* EXERCISE PROMPT:
Reproduce from the records below, with no pictures, exactly the lines between the one containing "ワンピース シャツワンピース ロング" and the one containing "3. Номера уютные", inclusive.

* DATASET EXTRACT:
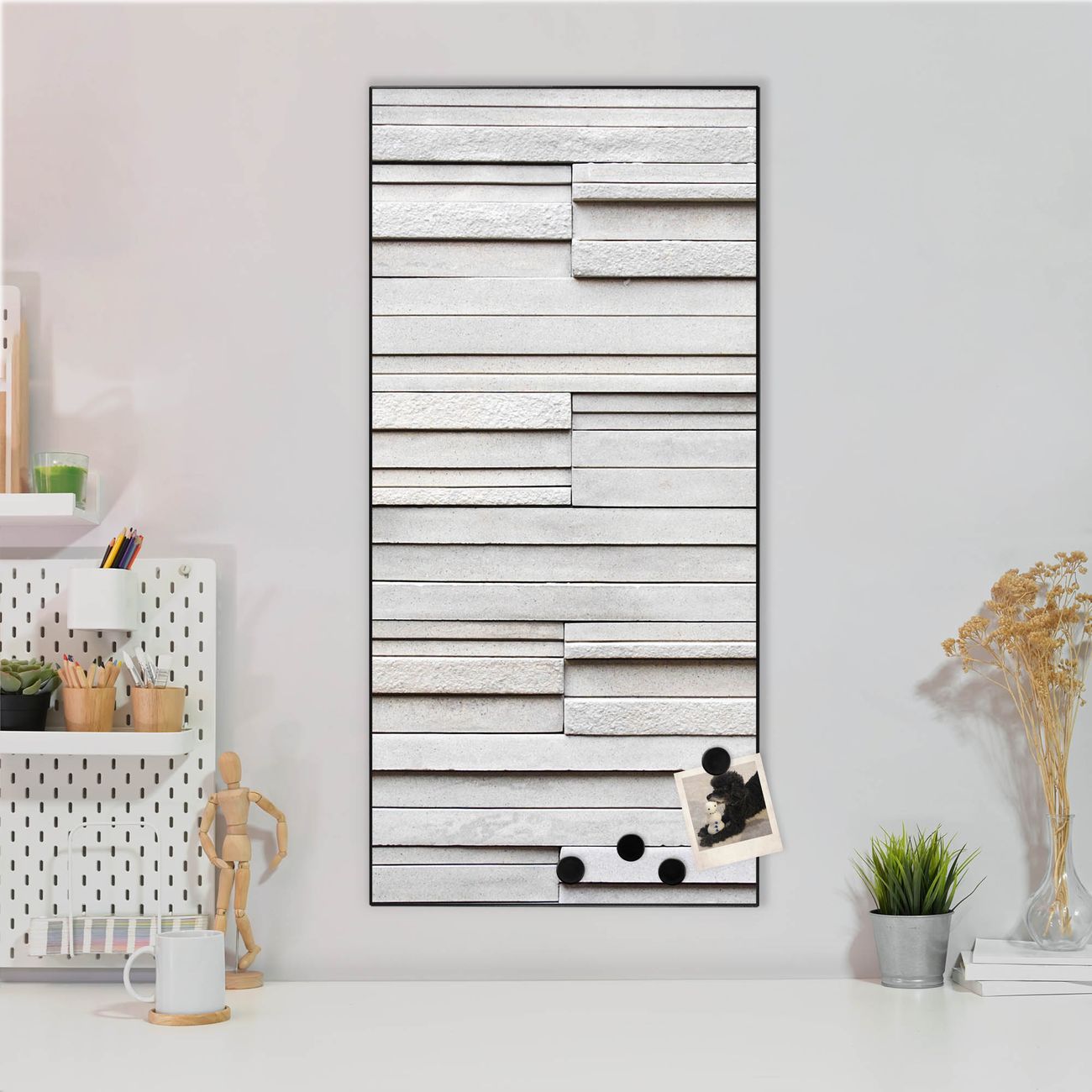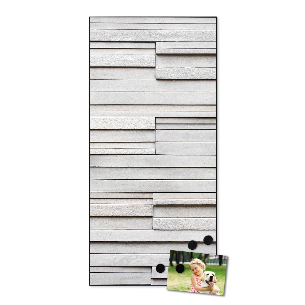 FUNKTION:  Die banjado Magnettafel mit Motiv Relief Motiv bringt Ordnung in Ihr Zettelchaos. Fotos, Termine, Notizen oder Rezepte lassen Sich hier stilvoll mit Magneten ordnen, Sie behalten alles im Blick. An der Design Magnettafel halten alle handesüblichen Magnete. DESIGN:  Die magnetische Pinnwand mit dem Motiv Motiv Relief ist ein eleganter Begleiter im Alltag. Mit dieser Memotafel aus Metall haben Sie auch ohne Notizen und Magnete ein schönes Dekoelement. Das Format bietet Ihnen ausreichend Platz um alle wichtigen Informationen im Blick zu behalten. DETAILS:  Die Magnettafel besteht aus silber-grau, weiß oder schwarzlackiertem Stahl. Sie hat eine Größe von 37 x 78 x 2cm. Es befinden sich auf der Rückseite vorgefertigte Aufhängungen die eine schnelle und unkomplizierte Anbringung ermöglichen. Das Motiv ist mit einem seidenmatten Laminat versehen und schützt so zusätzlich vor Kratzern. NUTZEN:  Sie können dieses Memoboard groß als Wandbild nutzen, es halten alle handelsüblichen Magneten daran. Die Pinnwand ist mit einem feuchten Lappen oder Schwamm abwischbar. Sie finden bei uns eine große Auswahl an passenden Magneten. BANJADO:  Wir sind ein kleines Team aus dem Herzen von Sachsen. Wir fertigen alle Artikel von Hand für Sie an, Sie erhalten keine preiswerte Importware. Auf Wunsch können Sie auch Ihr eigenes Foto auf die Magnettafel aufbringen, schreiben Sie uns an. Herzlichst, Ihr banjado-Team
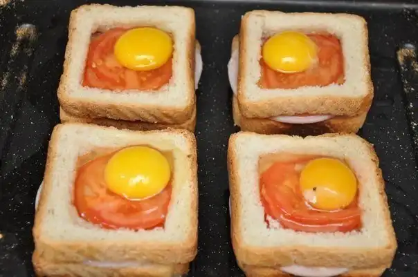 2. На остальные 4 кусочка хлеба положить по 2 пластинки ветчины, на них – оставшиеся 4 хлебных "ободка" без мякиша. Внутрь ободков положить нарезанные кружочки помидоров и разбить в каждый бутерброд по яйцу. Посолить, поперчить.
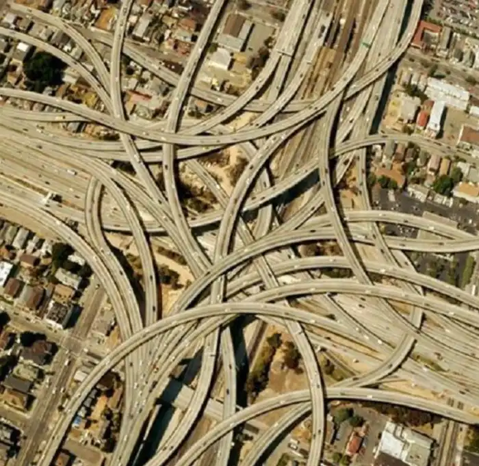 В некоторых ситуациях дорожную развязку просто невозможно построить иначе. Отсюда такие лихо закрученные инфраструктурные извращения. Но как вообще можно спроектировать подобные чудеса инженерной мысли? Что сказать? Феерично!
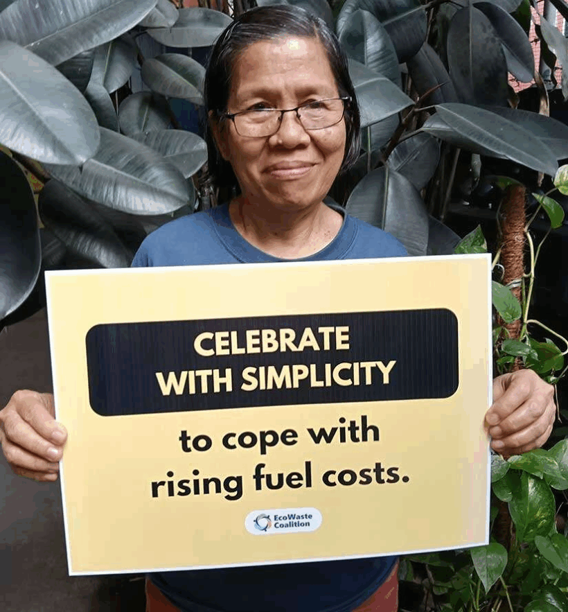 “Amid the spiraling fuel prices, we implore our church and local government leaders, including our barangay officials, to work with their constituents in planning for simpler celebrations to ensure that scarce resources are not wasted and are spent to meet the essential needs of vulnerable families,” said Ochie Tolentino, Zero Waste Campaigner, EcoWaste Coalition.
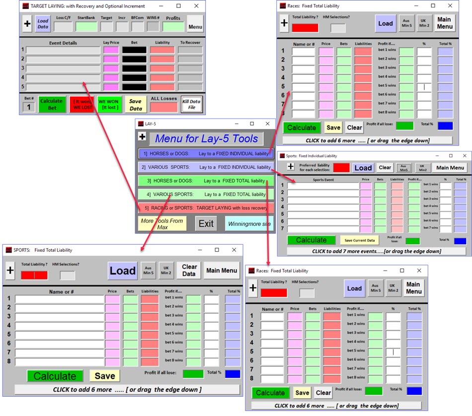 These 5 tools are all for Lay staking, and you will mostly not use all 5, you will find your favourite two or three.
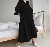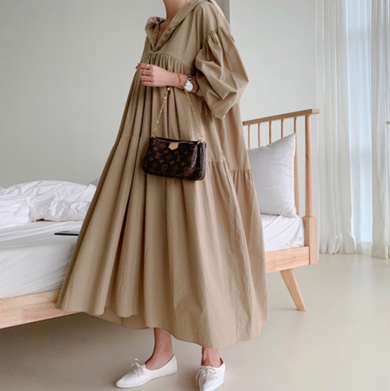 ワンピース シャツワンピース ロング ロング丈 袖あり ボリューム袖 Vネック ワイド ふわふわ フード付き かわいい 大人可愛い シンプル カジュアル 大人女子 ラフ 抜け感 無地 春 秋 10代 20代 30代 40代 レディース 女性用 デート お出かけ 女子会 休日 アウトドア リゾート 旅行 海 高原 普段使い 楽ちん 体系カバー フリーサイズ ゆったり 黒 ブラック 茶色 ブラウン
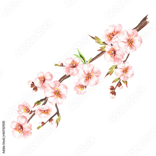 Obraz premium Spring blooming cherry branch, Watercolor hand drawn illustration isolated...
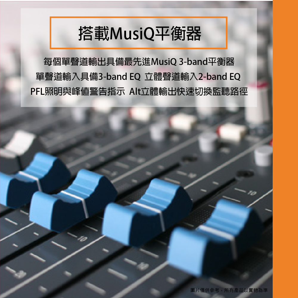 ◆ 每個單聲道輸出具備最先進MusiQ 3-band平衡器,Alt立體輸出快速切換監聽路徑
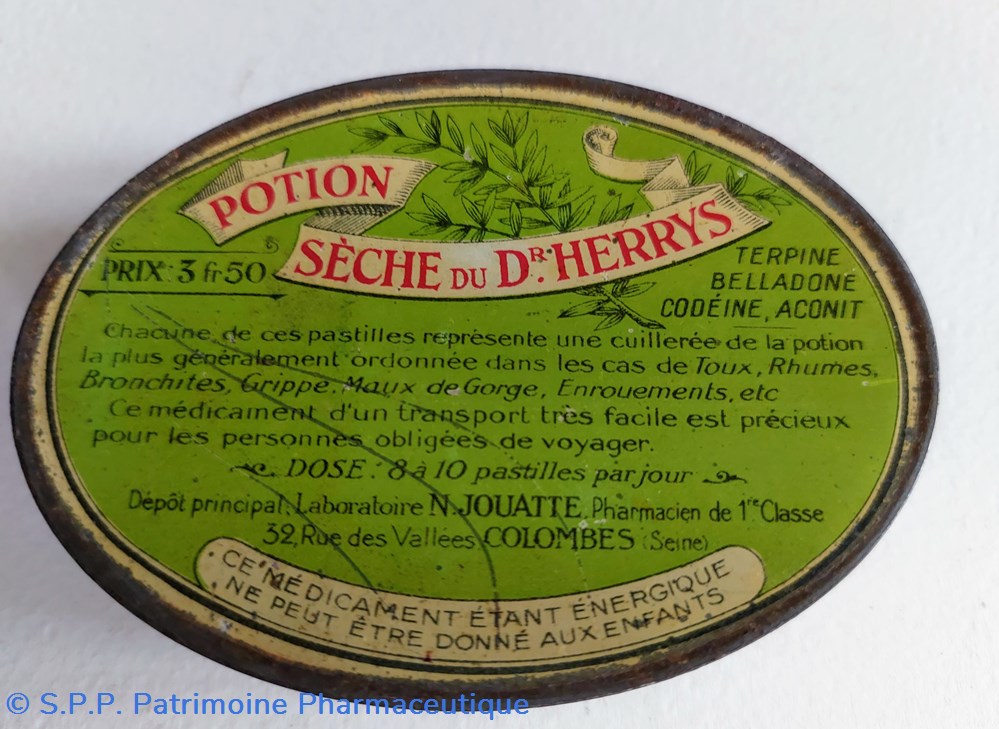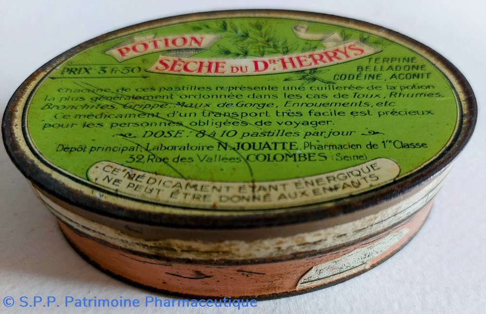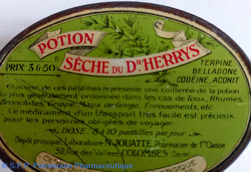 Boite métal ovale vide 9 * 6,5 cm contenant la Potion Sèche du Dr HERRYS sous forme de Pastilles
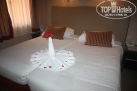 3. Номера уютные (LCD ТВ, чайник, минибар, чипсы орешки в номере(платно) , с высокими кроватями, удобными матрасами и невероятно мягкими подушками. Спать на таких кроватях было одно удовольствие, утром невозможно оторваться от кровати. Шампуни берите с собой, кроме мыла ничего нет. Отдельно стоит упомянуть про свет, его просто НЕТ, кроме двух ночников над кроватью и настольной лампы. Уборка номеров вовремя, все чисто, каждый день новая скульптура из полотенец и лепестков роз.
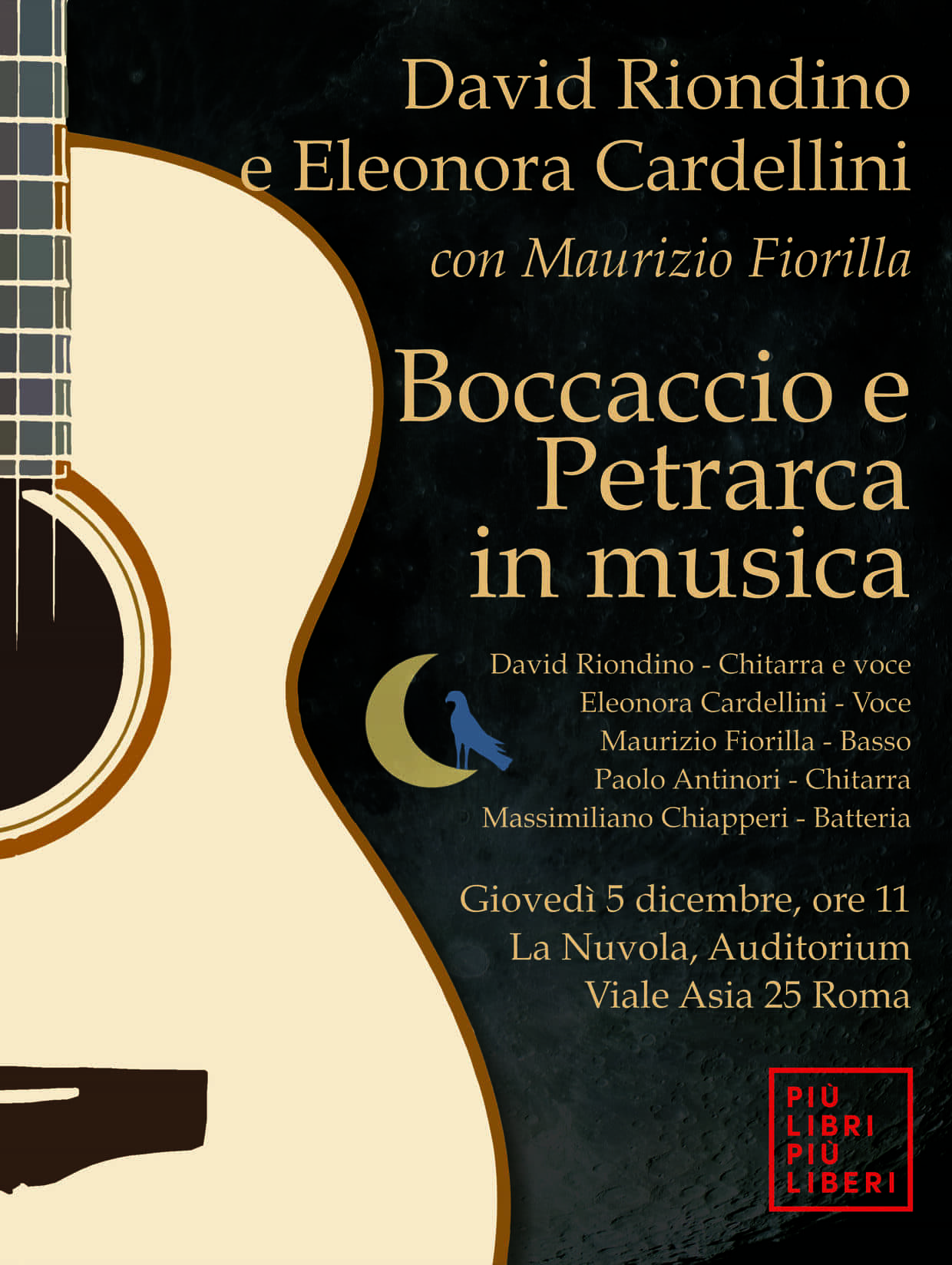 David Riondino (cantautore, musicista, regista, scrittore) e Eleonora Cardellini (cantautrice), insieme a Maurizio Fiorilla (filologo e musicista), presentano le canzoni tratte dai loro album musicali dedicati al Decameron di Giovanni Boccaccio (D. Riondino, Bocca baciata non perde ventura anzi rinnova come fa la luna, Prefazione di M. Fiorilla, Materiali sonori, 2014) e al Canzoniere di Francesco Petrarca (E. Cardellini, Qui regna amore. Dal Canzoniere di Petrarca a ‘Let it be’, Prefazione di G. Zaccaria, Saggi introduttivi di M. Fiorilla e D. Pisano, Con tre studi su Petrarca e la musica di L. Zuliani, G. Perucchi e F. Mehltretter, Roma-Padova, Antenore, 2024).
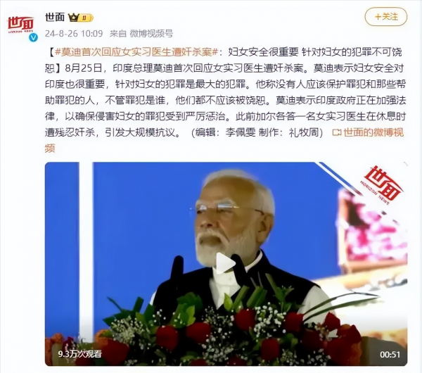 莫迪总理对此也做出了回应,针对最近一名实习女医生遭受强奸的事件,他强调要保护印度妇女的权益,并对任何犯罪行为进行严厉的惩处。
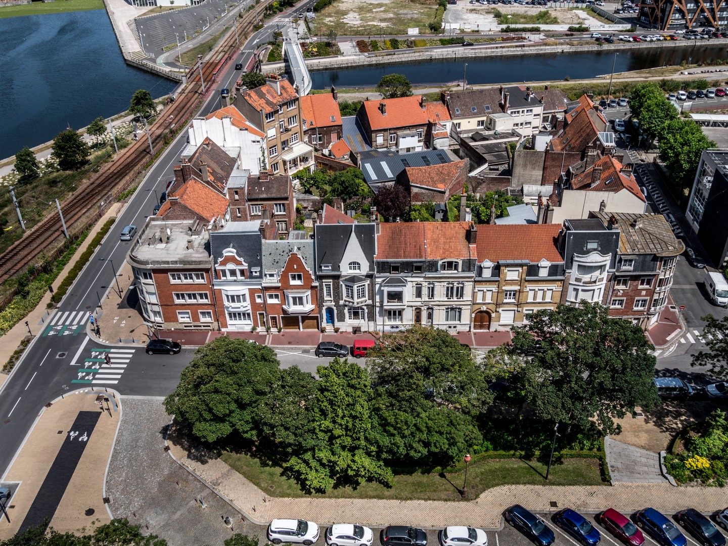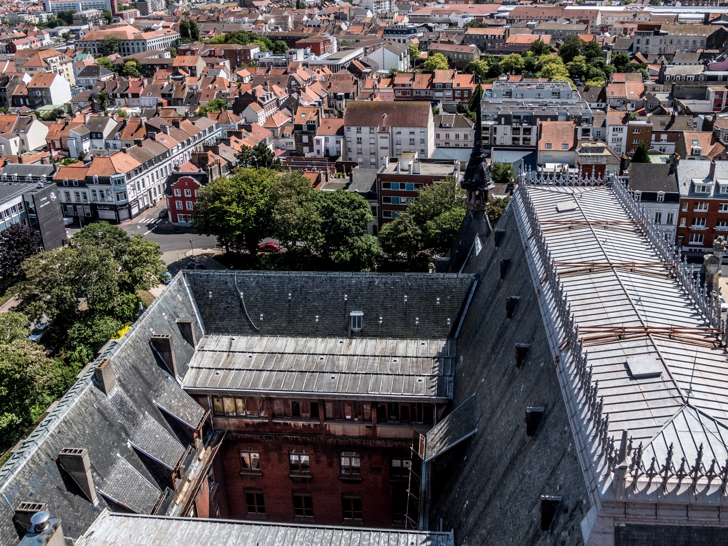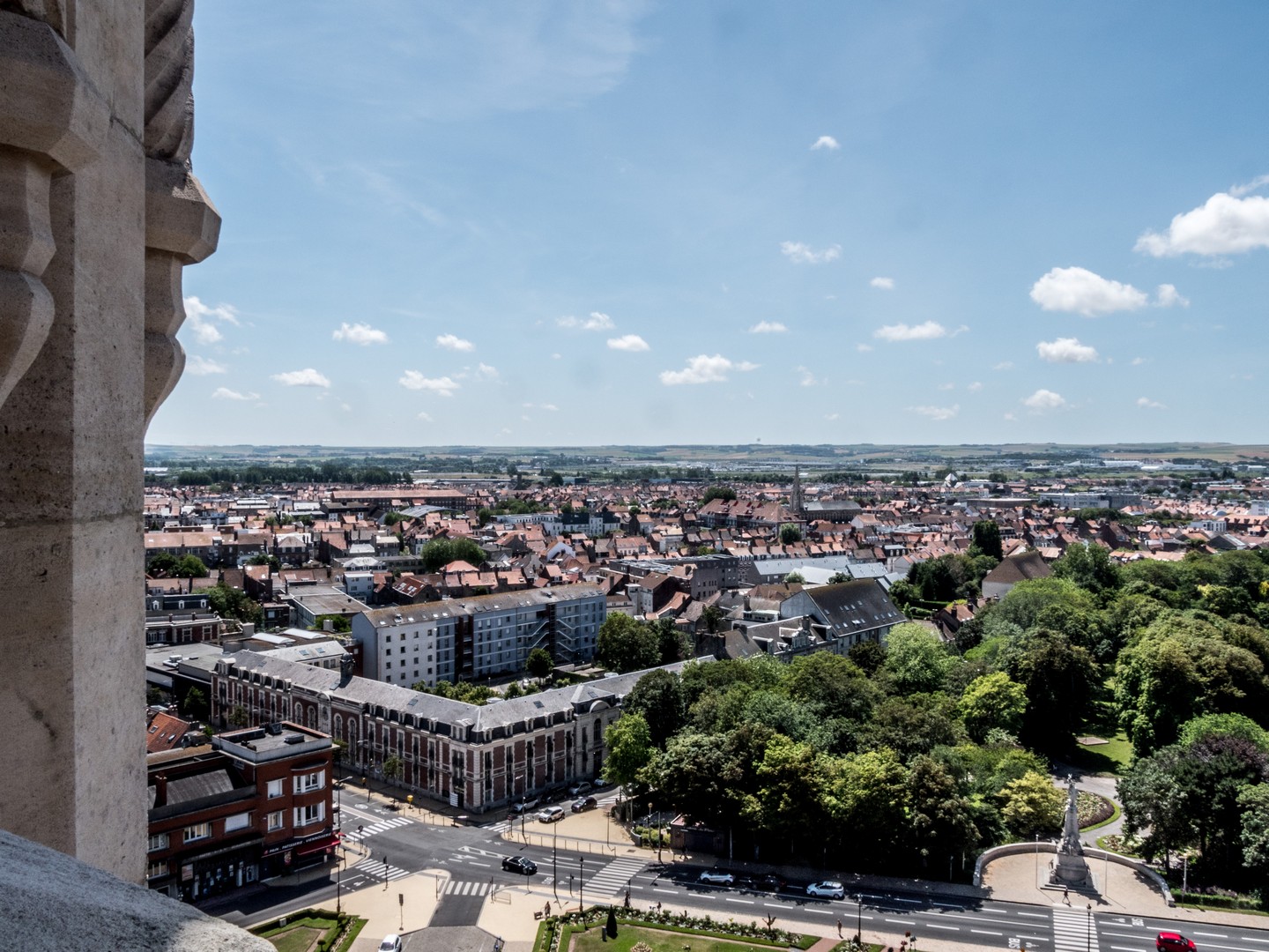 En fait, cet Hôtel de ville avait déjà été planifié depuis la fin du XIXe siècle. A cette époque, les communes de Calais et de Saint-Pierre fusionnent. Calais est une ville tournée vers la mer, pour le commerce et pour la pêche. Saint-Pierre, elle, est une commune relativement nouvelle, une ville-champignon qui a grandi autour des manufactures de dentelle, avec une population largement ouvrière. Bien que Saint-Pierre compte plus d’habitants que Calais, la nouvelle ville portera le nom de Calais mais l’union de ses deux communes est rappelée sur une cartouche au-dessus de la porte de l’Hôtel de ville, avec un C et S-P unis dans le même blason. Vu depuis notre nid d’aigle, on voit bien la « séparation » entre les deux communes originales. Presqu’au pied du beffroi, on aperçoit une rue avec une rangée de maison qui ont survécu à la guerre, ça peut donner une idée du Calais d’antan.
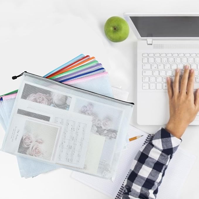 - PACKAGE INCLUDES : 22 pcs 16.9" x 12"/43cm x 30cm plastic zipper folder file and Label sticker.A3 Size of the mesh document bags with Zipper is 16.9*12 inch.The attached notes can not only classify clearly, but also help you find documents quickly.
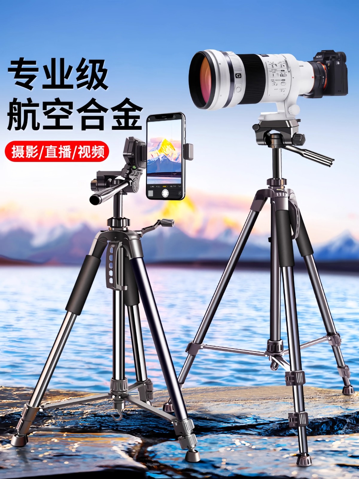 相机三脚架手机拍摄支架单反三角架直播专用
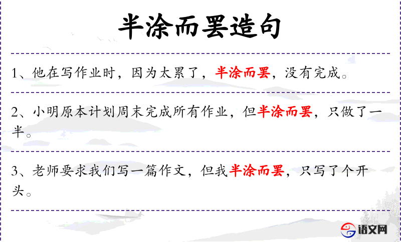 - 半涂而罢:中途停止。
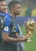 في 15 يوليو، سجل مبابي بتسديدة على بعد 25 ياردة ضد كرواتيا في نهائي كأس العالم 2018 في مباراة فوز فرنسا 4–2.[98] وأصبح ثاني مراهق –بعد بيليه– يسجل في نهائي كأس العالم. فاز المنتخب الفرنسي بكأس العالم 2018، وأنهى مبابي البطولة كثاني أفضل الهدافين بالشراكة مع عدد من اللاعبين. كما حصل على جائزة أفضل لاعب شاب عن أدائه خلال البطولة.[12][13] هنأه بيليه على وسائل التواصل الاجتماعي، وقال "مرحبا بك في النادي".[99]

* EXERCISE ANSWER:
 ワンピース シャツワンピース ロング ロング丈 袖あり ボリューム袖 Vネック ワイド ふわふわ フード付き かわいい 大人可愛い シンプル カジュアル 大人女子 ラフ 抜け感 無地 春 秋 10代 20代 30代 40代 レディース 女性用 デート お出かけ 女子会 休日 アウトドア リゾート 旅行 海 高原 普段使い 楽ちん 体系カバー フリーサイズ ゆったり 黒 ブラック 茶色 ブラウン
 Obraz premium Spring blooming cherry branch, Watercolor hand drawn illustration isolated...
 ◆ 每個單聲道輸出具備最先進MusiQ 3-band平衡器,Alt立體輸出快速切換監聽路徑
 Boite métal ovale vide 9 * 6,5 cm contenant la Potion Sèche du Dr HERRYS sous forme de Pastilles
 3. Номера уютные (LCD ТВ, чайник, минибар, чипсы орешки в номере(платно) , с высокими кроватями, удобными матрасами и невероятно мягкими подушками. Спать на таких кроватях было одно удовольствие, утром невозможно оторваться от кровати. Шампуни берите с собой, кроме мыла ничего нет. Отдельно стоит упомянуть про свет, его просто НЕТ, кроме двух ночников над кроватью и настольной лампы. Уборка номеров вовремя, все чисто, каждый день новая скульптура из полотенец и лепестков роз.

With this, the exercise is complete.